Faculty of Color in Academe: Bittersweet Success, by Caroline Sotello Viernes Turner and Samuel L. Myers, Jr. Boston, MA: Allyn and Bacon, 2000. 257p. $35.50. ISBN 0-205-27849-3.
Colleges and universities appear to have become the primary sites for the struggle over affirmative action, as there are a number of recent decisions and pending lawsuits against some public universities, and politically conservative organizations which oppose affirmative action have focused their attention on these institutions (see Alger, 1999). As a result, there has been an increase in studies addressing its importance. Many scholars believe that providing empirical evidence of the compelling need for diversity is the only hope for saving affirmative action. As Alger explained, courts expect "articulated evidence of the educational benefits of diversity." The books reviewed in this essay are similarly concerned with providing empirical evidence of the [End Page 96] importance of diversity. Turner and Myers direct their attentions to retention practices in Faculty of Color in Academe: Bittersweet Success, while Rai and Critzer in Affirmative Action and the University: Race, Ethnicity, and Gender in Higher Education Employment focus more specifically on the impact of affirmative action on all higher education hiring practices.

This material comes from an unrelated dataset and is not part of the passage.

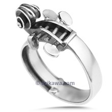 This electric guitar ring is perfect for the one that pulls your heart strings. The intricate ring has fret and peg details, with proportions true to the musical instrument.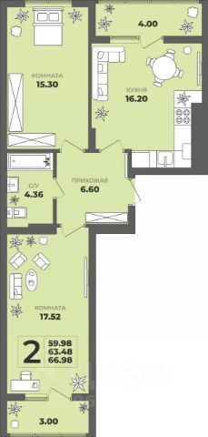 Продаётся 2-комнатная квартира в строящемся доме (Дом 2), срок сдачи: II-кв. 2027, общей площадью 61.73 кв.м., на 6 этаже. ЖК "ГРИНВУД". - Жилой комплекс из двух 8-ми этажных дoмoв - Комфортные и продуманные планировки - Kласc энepгоэффeктивнocти B (выcoкий) - Качественные серый ключ - Автономное газовое отопление. - Лоджии и балконы остеклены (алюминиевые ограждающие конструкции) - Бесшумные грузопассажирские лифты - Качественные и безопасные входные двери - Современное благоустройство двора с детскими и спортивными площадками, местами отдыха взрослых и детей - Ипотека в ВТБ, Банк Санкт-Петербург, Альфа-Банк, Банк Дом РФ ЖК "Гринвуд" находится в экологически чистой части бывшего Балтийского района. Сейчас к этой территории повышенный интерес: здесь нет крупных производств, много зелёных уголков, развитая социальная инфраструктура. Улучшается и транспортная доступность района. В шаговой доступности от ЖК расположена обширная зелёная зоной у озера Пеньковое. Тихое уютное место подарит отдых от городской суеты. При этом рядом находится вся необходимая инфраструктура: детские сады, школы, супермаркеты, рынок, фитнес-центры, салоны красоты, библиотека, торговые центры и остановки общественного транспорта. ЖК "Гринвуд" выполнен в современном архитектурном стиле. На комфортной прилегающей территории предусмотрены места для отдыха взрослых, детские и спортивные площадки, вместительная парковка. В доме также располагаются нежилые помещения различного назначения, так что можно рассчитывать на салоны красоты, аптеки, медицинские центры и магазинчики прямо в ЖК. РЯДОМ: - Озеро "Пеньковое"- Остановка общественного транспорта в 5 минуте ходьбы - Южный рынок - Детский сад 136 - Детская поликлиника 4 - Школа 6 и 56 (2 корпус) - Спортивная школа - Супермаркеты: "Пятерочка", "Вестер" и пр. - Аптеки и медицинские учреждения - АЗС Лукойл 2-комнатная квартира на улице Генерала Толстикова в городе Калининград.

These two books significantly contribute not only to the scholarship on diversity but also to political projects concerned with social justice. Like other recent studies providing empirical evidence of the successes of affirmative action (see, e.g., Bowen and Bok, 1998), these books illustrate convincingly that diversity is important to the academy and to society at large. Yet, like other works that fail to question the ideological and discursive practices that create diversity in the first place, these books also might contribute to political projects that, without critical self-reflection, are counterproductive to social justice. In this essay, I summarize each book and review its strengths and limitations. Then I provide a more general critique of the political projects on which both books are premised.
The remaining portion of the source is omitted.